In 1986, a few days after running the Boston Marathon, and following a year of touring the US and Canada in a campervan, I set off by train to realise a dream to walk the Appalachian Trail. I first heard about the Trail from the American wife of a work colleague in Melbourne a few years earlier and had since read widely about the trail. The Trail follows the crest of the Appalachian Mountains for more than 2,200 miles along the eastern side of the US. Starting in mid-spring, I followed the trail northwards from Springer Mountain in Georgia to its northern terminus at Mount Katahdin in Maine, finishing in the late summer. It remains one of the most meaningful experiences of my life, fostering an ambition for more such experiences and inspiring me to retire from work early enough follow through on that ambition. In 1986, only about 80 people each year completed the whole trail, but during that year National Geographic did a feature article on the Trail and its popularity increased dramatically.

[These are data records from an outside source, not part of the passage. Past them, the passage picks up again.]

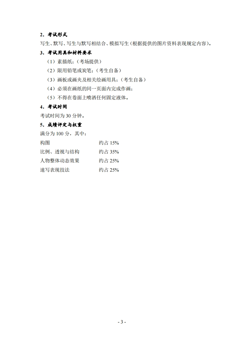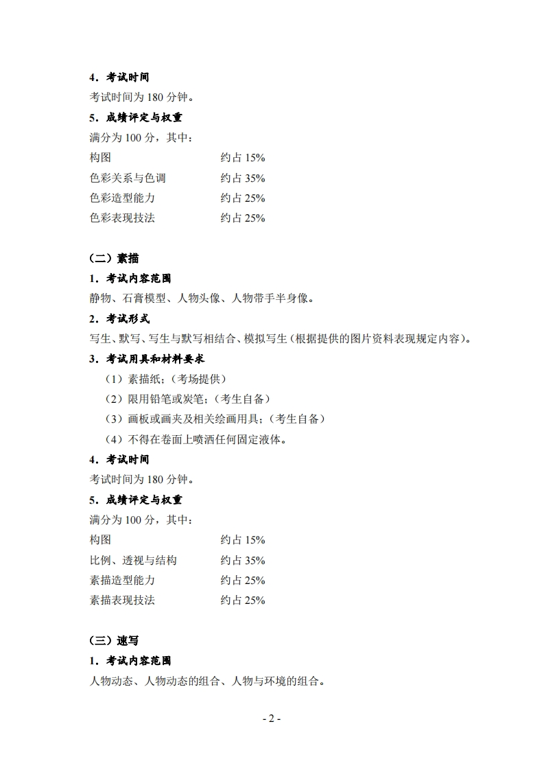 2018年湖北省普通高校艺术专业招生统一考试美术与设计学类考试大纲一、考试性质普通高校艺术专业招生统一考试美术与设计学类考试(以下简称美术统考)是普通高考的重要组成部分。美术统考注重考查美术与设计学类专业基础学科的基础知识和基本技能,主要测试考生的综合艺术素质(包括审美能力、观察能力、感知能力、造型能力、表现能力和技法运用能力等)。高等院校根据考生美术统考成绩和高考文化课成绩,按确定的招生计划,全面衡量、择优录取。因此,美术统考应具有必要的区分度,较高的信度和效度。二、考试科目和考核目的美术统考包括色彩、素描、速写三门基础科目的考试。色彩:考查考生对色彩的感知能力、认识能力、色彩关系和色调的把握能力以及色彩的表现能力。素描:考查考生对描绘对象的整体造型、比例、透视、结构、体积、空间、明暗、层次、质感等方面的观察、认识、理解和表现能力。速写:考查考生在较短的时间内对人物的比例、透视、结构的观察、认识、理解和把握能力,对人物动态、人物动态组合、人物与环境组合的表现能力以及速写技法的运用能力。三、考试内容和形式(一)色彩1.考减内容范国静物、风景。2.考试形式写生、默写、写生与默写相结合、模拟写生(根据提供的图片资料表现规定内容)。3。考试用具和材料要求(1)水粉纸或水彩纸:(考场提供)(2)限用水粉或水彩颜料:(考生自备)(3)画板或画夹及相关绘画用具:(考生自备)(4)不得在卷面上喷洒任何固定液体。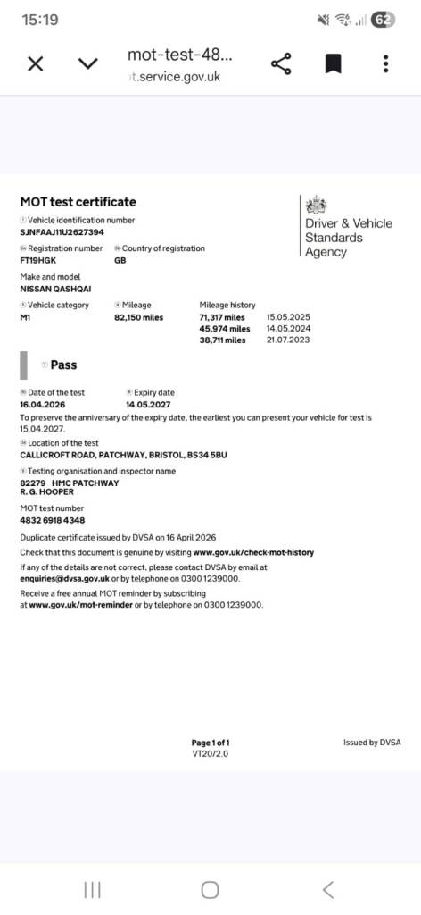 2019 Nissan Qashqai Automatic 1.5 dCi N-Connecta. Keyless entry , start/stop. New Shape ULEZ Compliant , Good condition and clearly well looked after. 821600 miles with full service history (full service just been done)and 12 months MOT, ULEZ compliant, economical to run, and ideal as a family car or comfortable daily driver. Drives exactly as it should with no issues. Specification includes: Satellite Navigation Reverse Camera 360 Around View Camera Climate Control Air Conditioning Cruise Control Electric Handbrake ,Phone Connectivity (Bluetooth) Front & Rear Parking Sensors Daytime Running Lights Electric Windows Electric Mirrors Spacious, reliable, and very practical with a high driving position and excellent visibility. 4 Goodyear all season tyres.Cat S. One key.Any inspection and test drive welcome.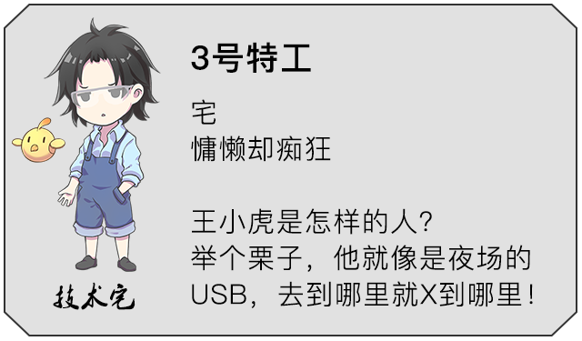 这位年轻的小哥头发蓬松,衣着随意,一样看上去就像修自行车的,大家都叫他技术宅。他是王小虎的好朋友兼得力助手,王小虎每次任务能深入敌军的关键都离不开他,但每次出糗时第一个幸灾乐祸的人也是他。
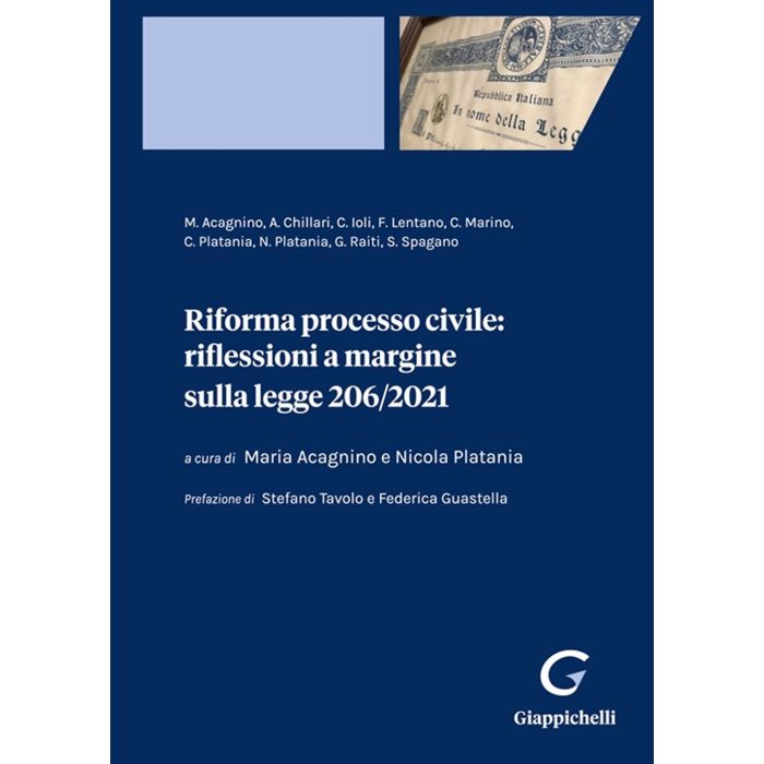 La legge 26 novembre 2021, n. 206, di delega al Consiglio dei Ministri per una riforma del processo civile, prevede un mutamento delle prerogative del giudice e del rito per le persone, i minorenni e le famiglie, con alcune novità specifiche che necessitano di una complessa attività di indagine ed interpretazione. La riforma del processo civile approdata in Gazzetta il 9 dicembre scorso, entrata in vigore il 24 dicembre 2021 è già esposta a critiche positive e a valutazioni negative. Il presente contributo, rivolto principalmente agli operatori del diritto e agli studenti di giurisprudenza, è curato da un magistrato e da un avvocato che hanno coordinato i saggi di magistrati, professori universitari di procedura civile e avvocati che dal loro punto di vista hanno esaminato gli aspetti salienti della riforma, evidenziandone le luci e le ombre. Autori: Acagnino Maria; Ioli Camilla; Spagono Salvatore; Platania Nicola; Lentano Francesco; Chillari Alessandra; Raiti Giovanni; Marino Concetta.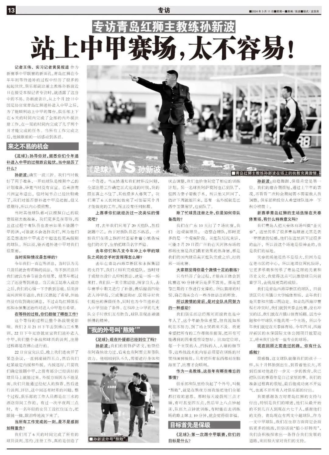 記者王偉、實習記者黃昊報道 作爲新賽季中甲聯賽的新面孔,青島紅獅在今年年初等待遞補的過程中經歷了很多的起起伏伏,俱樂部副總兼主教練孫新波近日在接受本報記者專訪時,就透露了這當中的不易。孫新波表示,從上個月22日中國足協官宣青島紅獅遞補進入中甲之後,爲了能順利站上中甲的舞臺,俱樂部上下在6天的時間內完成了全部的內外援註冊工作,在一週的時間內完成了幾乎兩個月才能完成的任務。當所有工作完成之後,他被眼前的一切感動到落淚。

Appalachian Trail - Day 009

Day:  009
Date:  Sunday, 11 May 1986
Daily AT Miles:  20.3
Daily Other Miles:  3.0
Total AT Miles:  164.4
Total All Miles:  173.7
Weather:  Cloudy, warm and humid.
Nutrition:
  Breakfast:  Grapenuts, cherry pie.
  Lunch:  Biscuits and peanut butter, Mars Bar
  Dinner:  Roast chicken and vegetables, apple pie and ice-cream.
Aches:  Feet very sore.
Animals Seen:  Squirrels, chipmunks, a small snake.
People Seen:  Two overnight hikers, many others.

Journal:
Got up at 6:30am and was away by 8:10am.  I decided to see if I could get to the Fontana grocery before it closed.  The gradients were tough, but it was a little cooler than yesterday and I felt much better so maintained a good pace.  After a steep descent to Stecoah Gap, there was a particularly tough climb the other side but my fitness is good and I haven’t had to stop on ascents and have recovered very quickly after reaching the peaks.  The views were marred by a heavy haze but you still got a good sense of height.  I had a half-hour break in the morning and only half an hour for lunch but didn’t feel I needed more.  I passed Cable Gap Shelter at 2:45pm and pressed on, the worst of the Stecoahs behind me (supposedly the toughest part of the Trail).  As I neared Fontana Dam there were good views of the Dam from High Top.  I made a rapid descent to the main road, stepping over a small snake en route.  I reached the road at 4:35pm and began hiking to Fontana Village, 2.5 miles away.  I had no luck hitching a lift and arrived footsore, weary and grimy at 5:20pm.  The grocery had closed at 5pm, but would be open tomorrow.  I walked up to the Guest RegistrationCenter for the Village – it mainly catered to elderly people in what had been the construction camp for the Dam.  Despite my appearance, I secured a room for the night and adjourned there.  I had a bath because the shower didn’t work.  I then walked the half-mile to the cafeteria for a reasonable dinner and did my laundry – someone had kindly left a soap packet there.  While washing I wrote a letter and then returned to my room to find I’d forgotten some socks and a tea towel.  I washed these by hand and then went out and telephoned Marj and Barb.  I returned to my room and wrote a letter to Barb, who seemed a little depressed (especially in contrast to my good spirits) and consumed a few cans of Coke.  I then watched TV News in the Lodge Lounge and the first half ofBattle of the Bulge before retiring at 12:30am.  Tired but satisfied – the Stecoahs were behind.